Patents columns: Index(['#', 'Publication Year', 'Title', 'Abstract', 'Applicants', 'Inventors',
       'Country', 'Label'],
      dtype='object')
Research columns: Index(['Authors', 'Title', 'Year', 'Cited by', 'Affiliations',
       'Authors with affiliations', 'Abstract', 'Author_list', 'Country',
       'Label'],
      dtype='object')
Financial columns: Index(['year', 'Armenia', 'Austria', 'Belgium', 'Bulgaria', 'Switzerland',
       'Cyprus', 'Czech Republic', 'Germany', 'Denmark', 'Estonia', 'Greece',
       'Spain', 'Finland', 'France', 'Croatia', 'Hungary', 'Ireland', 'Israel',
       'Italy', 'Lithuania', 'Luxembourg', 'Latvia', 'Netherlands', 'Norway',
       'Poland', 'Portugal', 'Romania', 'Serbia', 'Sweden', 'Slovenia',
       'Slovakia', 'Turkey', 'Ukraine', 'United Kingdom', 'USA', 'Canada',
       'Japan', 'China', 'South Korea', 'India', 'Australia', 'Singapore'],
      dtype='object')


We see that the **"Year"** collumn is not consitent for all the 3 different datasets we have. We will need first to solve this so we can aggregate data per year.

In [63]:
patents.rename(columns={"Publication Year": "Year"}, inplace=True)

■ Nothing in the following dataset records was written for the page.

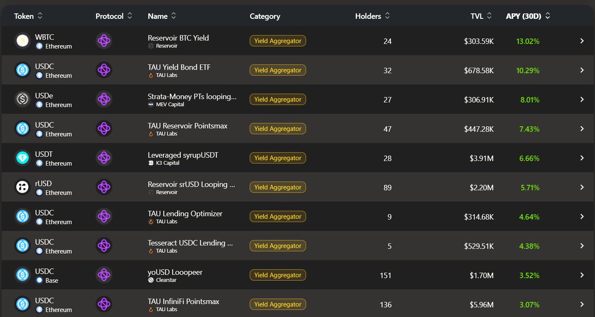 Here's a quick look at the top 5 performing vaults on @ipor_io (data from @vaultsfyi). The "30-day average" is taken from the vault's TVL-weighted "average dollar" calculation method, designed to more accurately track annual interest rates (APR) rather than just changes in net asset value (NAV). The "current annual interest rate" is taken directly from IPOR. ► @reservoir_xyz BTC Arbitrage Current Annualized Yield: 8.14% 30-Day Average Yield: 12.8% Strategy: Collateralize BTC, borrow USDC, and mine leveraged wsrUSD ► @628Labs TAU Yield Bond ETF Current Annualized Yield: 7.22% 30-Day Average Yield: 10.29% Strategy: Optimize a Pendle stablecoin ETF portfolio ► @strata_markets PT Looping Current Annualized Yield: 4.27% 30-Day Average Yield: 8.53% Strategy: Maintain leveraged srUSDe PT Note: MEV Capital is an Atomist currently experiencing a difficult period. ► @628Labs Reservoir “Pointsmax” Current Annualized Yield: 8.62% 30-Day Average Yield: 7.43% Strategy: Optimize wsrUSD Cycle, targeting points rather than simply the annualized return (APR) (while striving to maintain a positive APR) ► @k3_capital LeveTOP 5 best@maplefinance Current APR: 7.38% 30-day average return: 6.67% Strategy: Optimizing leveraged syrupUSDT trading on Aave and Morpho platforms Note: Passionate about high-quality indicators (Vaults) and Ipor Ambassador
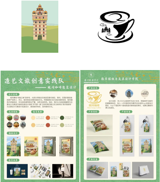 开平是著名的侨乡,大部分侨胞去往南美的委内瑞拉、智利、巴西等著名咖啡原产地务工,从国外带回了咖啡文化。根据我们的调研发现,蚬冈镇有许多咖啡店,但包装同质化严重,没有当地特色。团队成员匠心独具,以咖啡杯为主体,以当地经典建筑为主要设计元素进行咖啡包装设计,选取“开平第一楼”之称的瑞石楼以及当地特色“煲仔饭剧场”为主要设计元素进行包装设计,将咖啡杯与蚬冈的碉楼相结合,加入中国的传统元素祥云形成创意设计,下面的曲线既是对咖啡杯垫的简化,也象征着蚬冈潭江的波纹,展现出蚬冈特色。
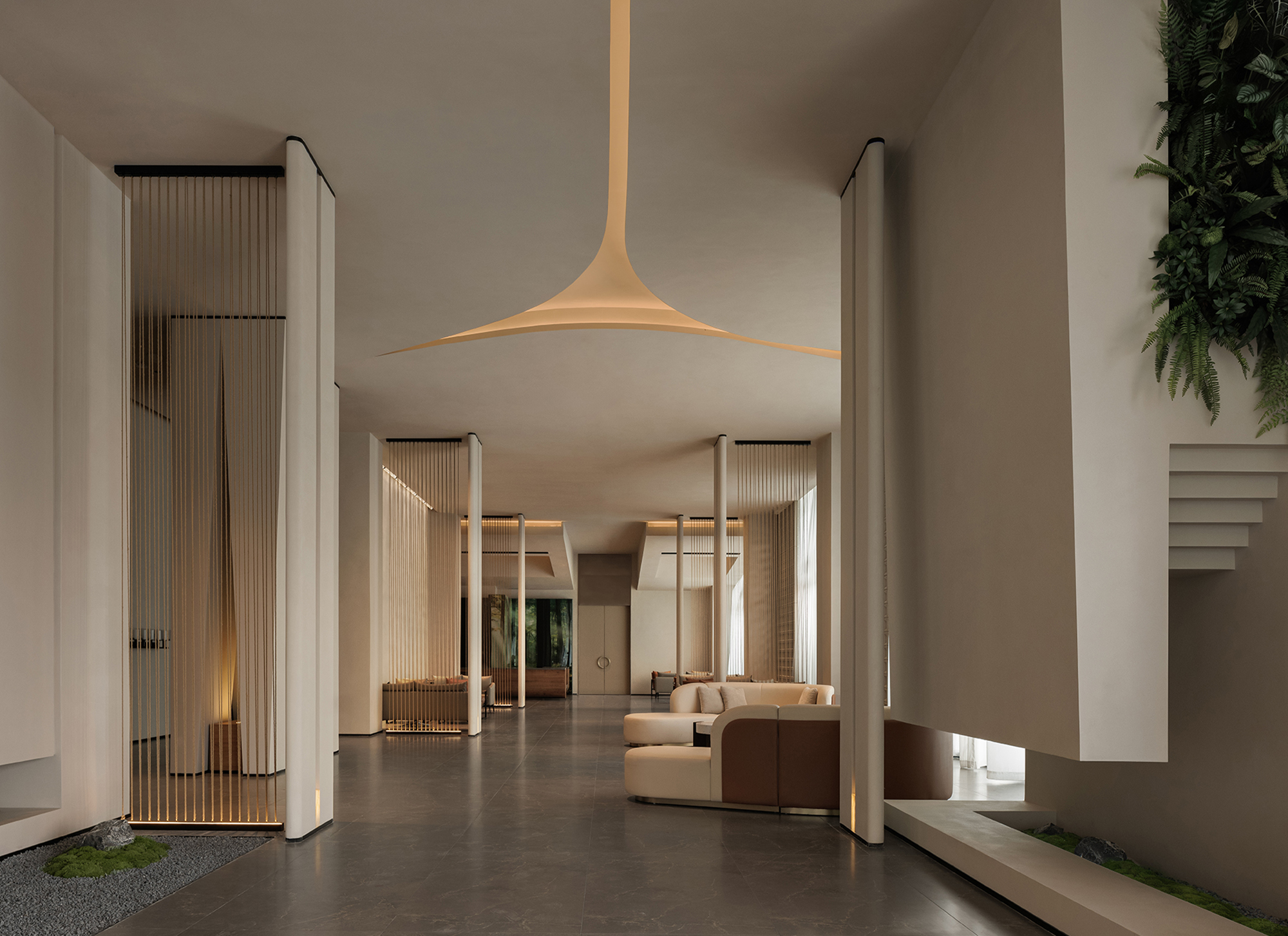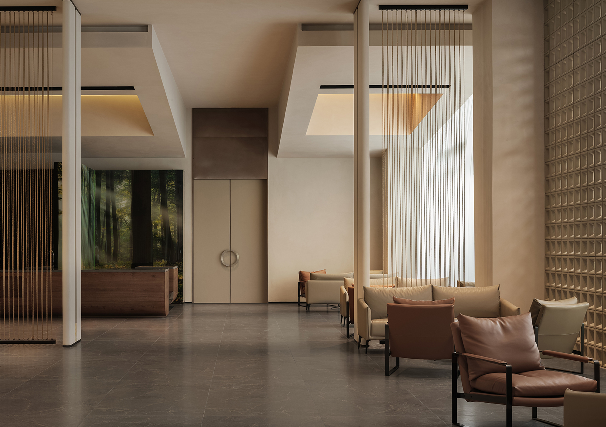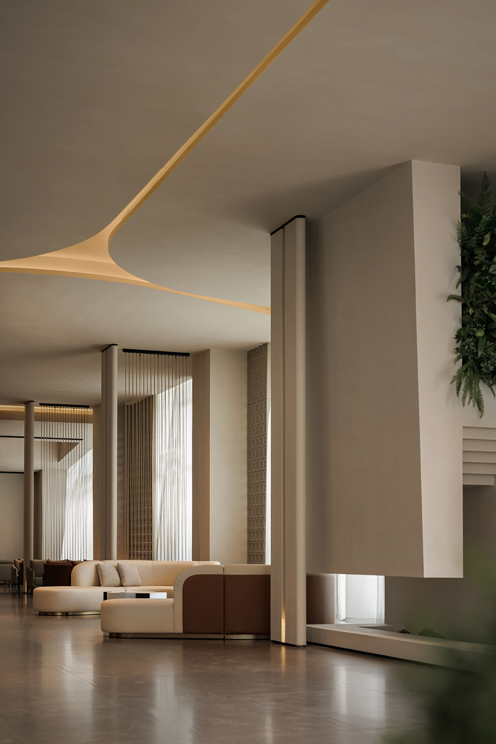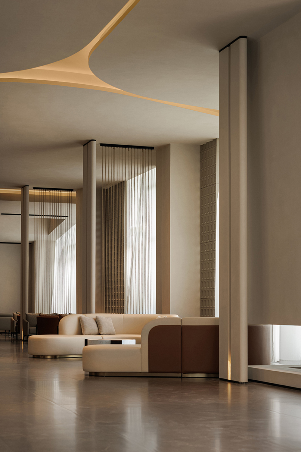 A semi-transparent partition formed by metal chain curtains and light creates a curtain of illumination that falls like raindrops. Both sight and light pass through freely, forming a gentle emotional transition and allowing the spatial sequence to breathe. The lounge area is furnished with low-saturation pieces in soft contours, adding a sense of ease to the seating arrangements.
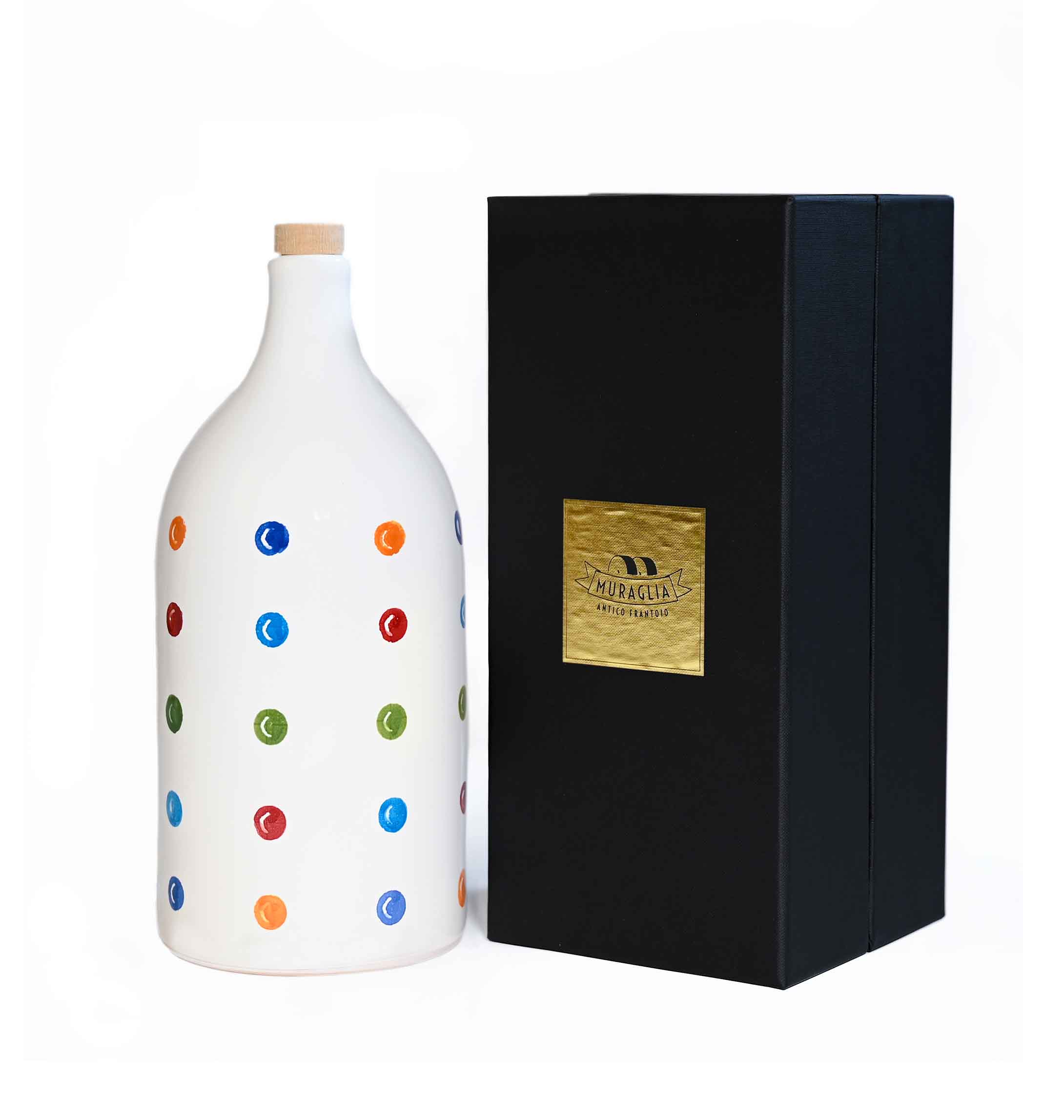 The Magnum ceramic jug, handcrafted by our artisans from Puglia, brings 1500 ml of pourable art to your table, with the scent of freshly pressed olives. Puglian ceramics perfectly preserve the sensory properties of our extra virgin olive oil. Each Magnum Jug is housed in a black box, perfect for an elegant and refined gift. Clean lines and sophisticated colors for a jug with an ironic flavor.
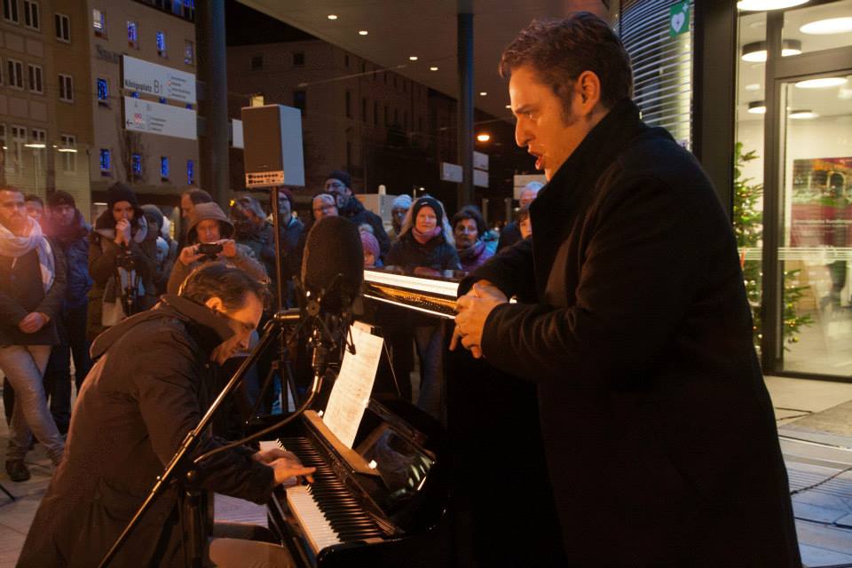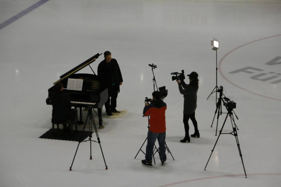 Hoffentlich bringen Sänger und Pianist an diesem Abend das Eis nicht zum schmelzen, denn sie stehen auf der Eisfläche des Curt-Frenzel Stadions und wir möchten den Gastgebern des Abends (die Augsburger Panther und der Sportreferent Herr Wurm) nur metaphysischen Schmerz bescheren. Nach dem Lied eröffnet der internationale Eiskunstläufer MICHAEL ZENKNER mit einer Choreographie die Eisfläche für den gemeinsamen Publikumslauf: Zu Pianoklängen von MARTIN SEEGER können wir unsere Runden um das Klavier ziehen.
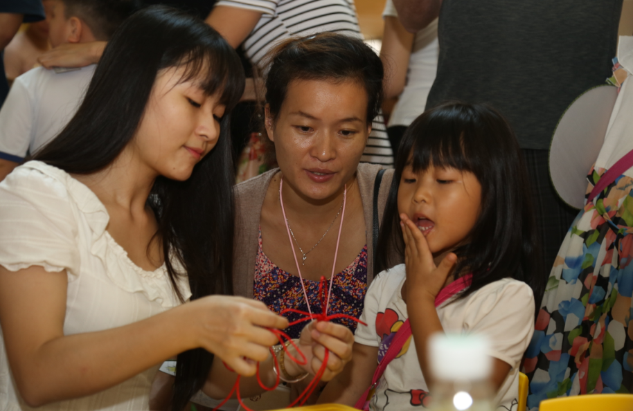 此外,中國結(jié)、素面扇繪畫、剪紙等體驗區(qū)域,也擠滿了小朋友。家長們用手機(jī)記錄下孩子體驗制作的過程,對老師們的現(xiàn)場演示贊不絕口。
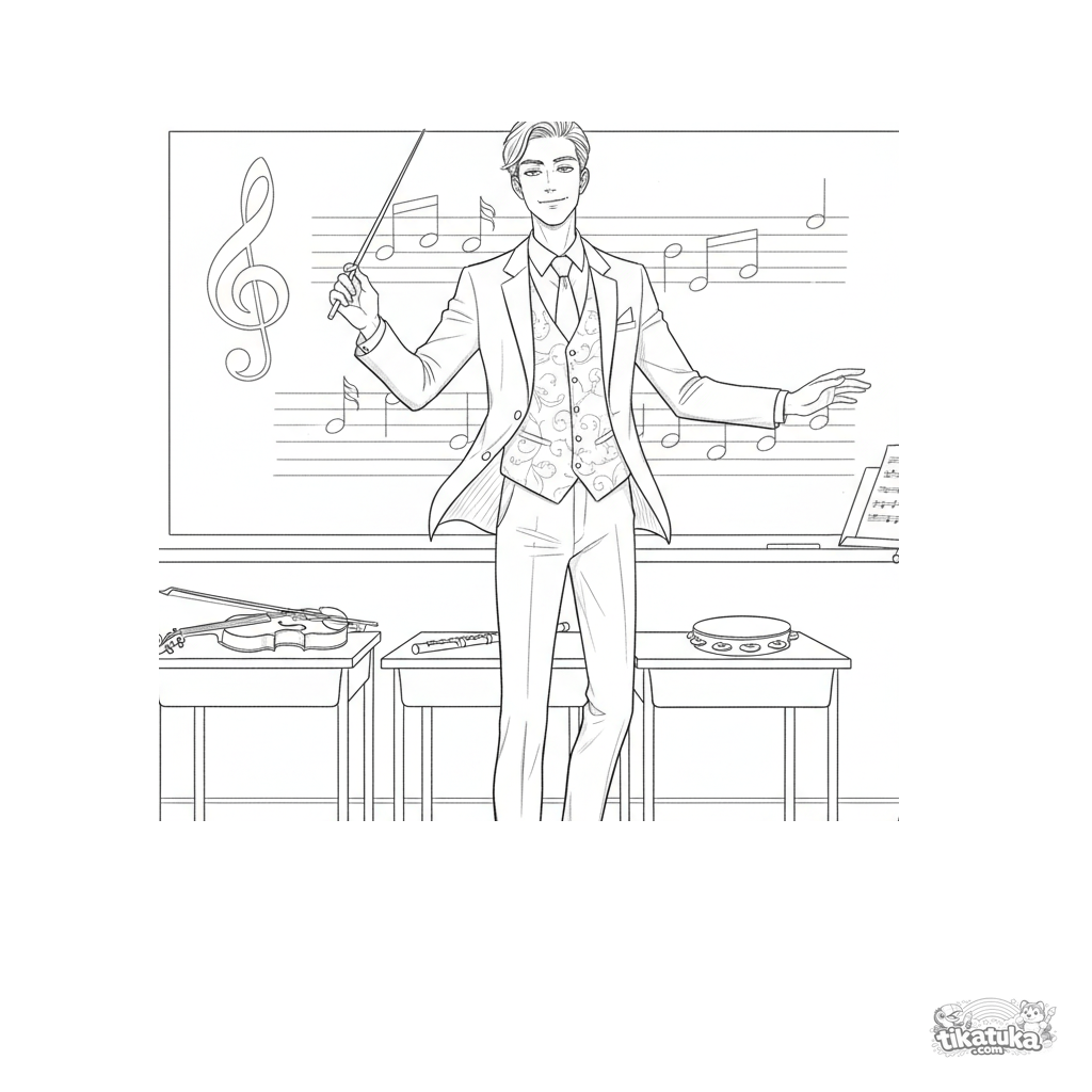 Раскраска для детей 10-12 лет: увлечённый учитель музыки дирижирует воображаемым оркестром из инструментов в школьном классе перед доской с нотами.
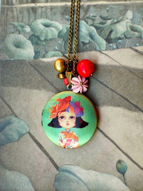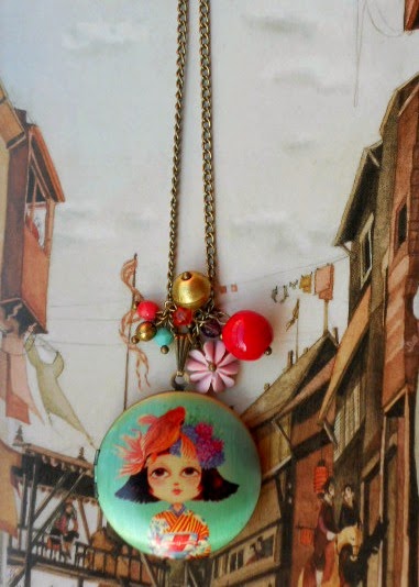 Entre otras, aquí una de las razones que me han tenido desaparecida estos días. Ya os dije que la primavera venía cargada de novedades, aunque precisamente ésta haga pensar ya en el verano. El resto... próximamente. Poco a poco. Medallón con abalorios de metal y cristal checo. Ilustraciones: Rèbecca Dautremer
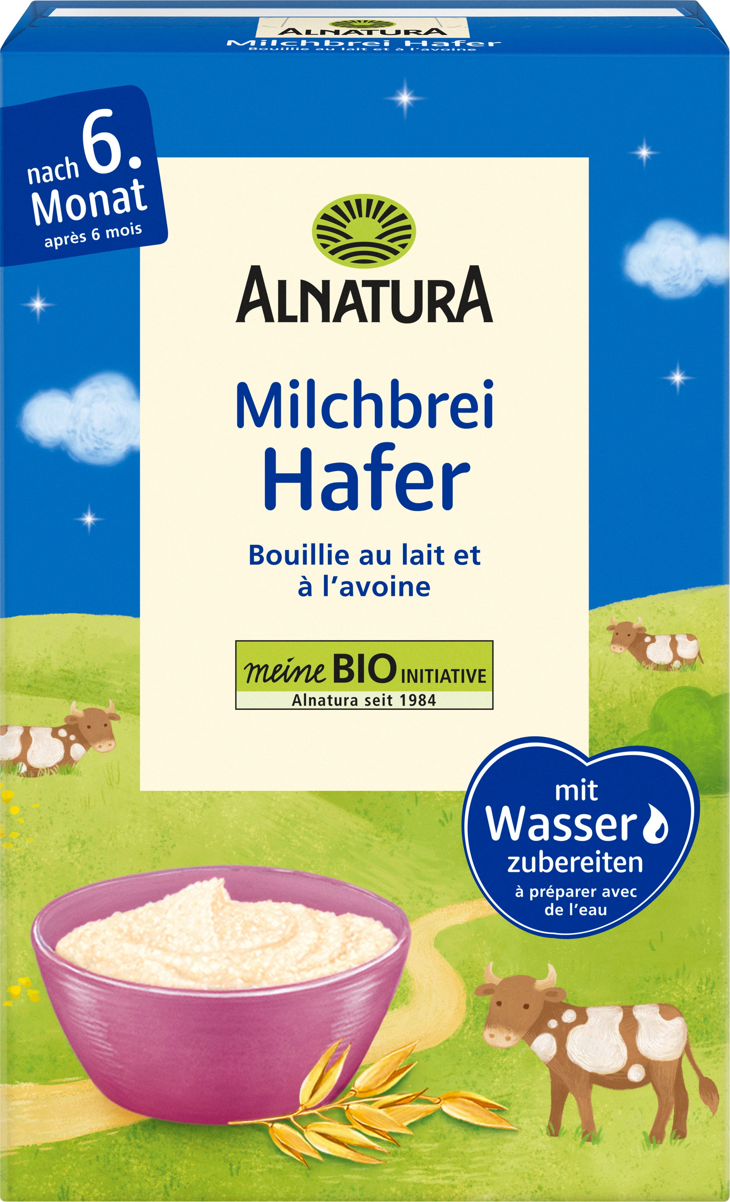 Der feine Alnatura Bio Hafer Milchbrei mit Hafervollkornmehl und ohne Zuckerzusatz (Zutaten enthalten von Natur aus Zucker) eignet sich für Babys ab dem 6. Lebensmonat. Ideal als Abendmahlzeit, kann aber auch bestens in der Familienküche kreative Verwendung finden. Zubereitung mit Wasser ist schnell und einfach.
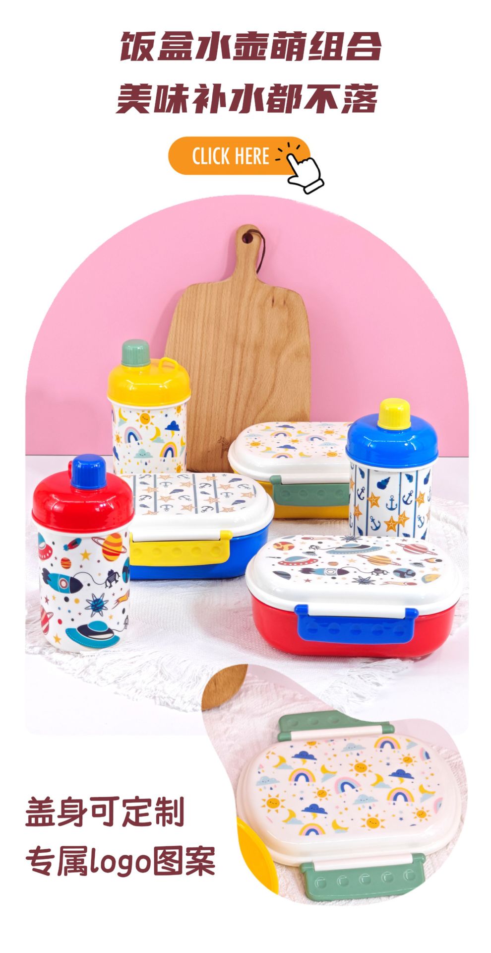 Postaje gratuito, caja de comidas, hervidor de agua, estudiantes y niños, dibujos animados lindos, caja de comidas portátil, tazas de agua potable directas para el hogar
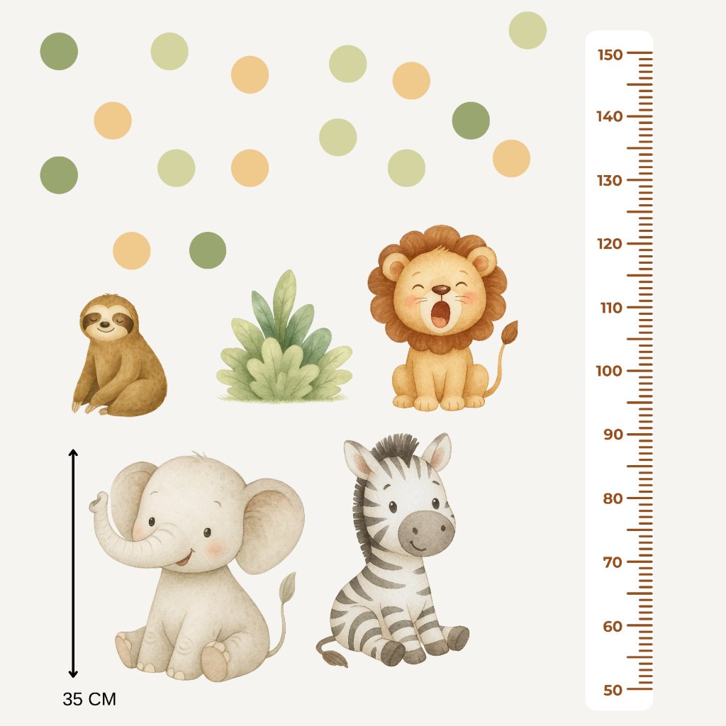 Metr Zvířátka z Afriky - přelepitelné dětské samolepky na zeď

For the financial data, things will be kept simple and we aggregate all the investted money per year, no matter the subfield of quantum.

In [64]:
#initially we have the year, and the collumns representing one country and entiry for that row, the amount of money invested from that country
#we chnage this to have the amount as a separate collumn, country as only one collumn and the entires are the actual countries
#it will look like year, country and count (value)
financial_long = financial.melt(id_vars="year", var_name="Country", value_name="Count")

#we just convert this to numeric in case it wasnt already  - this dataset was made by Irene
financial_long["Count"] = pd.to_numeric(financial_long["Count"], errors="coerce")

#as said we just group based per each year all investments from all countries
financial_grouped = financial_long.groupby("year", as_index=False)["Count"].sum()
#we just rename the collumns for clarity
financial_grouped.rename(columns={"year": "Year", "Count": "Financial"}, inplace=True)

In [167]:
print(financial_grouped[financial_grouped["Year"] == 2017])
#just to check ifall worked out


   Year  Financial  Financial_normalized
3  2017       6268              0.257953


Now we need to count all number of patents **per year**, **per specific label** so we can use it in the final combined formula. The idea will be that user can select his preferences based on the subtopic he wants to explore.

In [170]:
def count_per_label_per_year(df):
    return df.groupby(["Year", "Label"]).size().reset_index(name="Count")
#the number of rows for each (Year, Label) pair so we count how many patents for each label.
#this can be used as well for the research papers dataset


#we just pply the same function because the initial data is organised the same
patent_counts = count_per_label_per_year(patents)
research_counts = count_per_label_per_year(research)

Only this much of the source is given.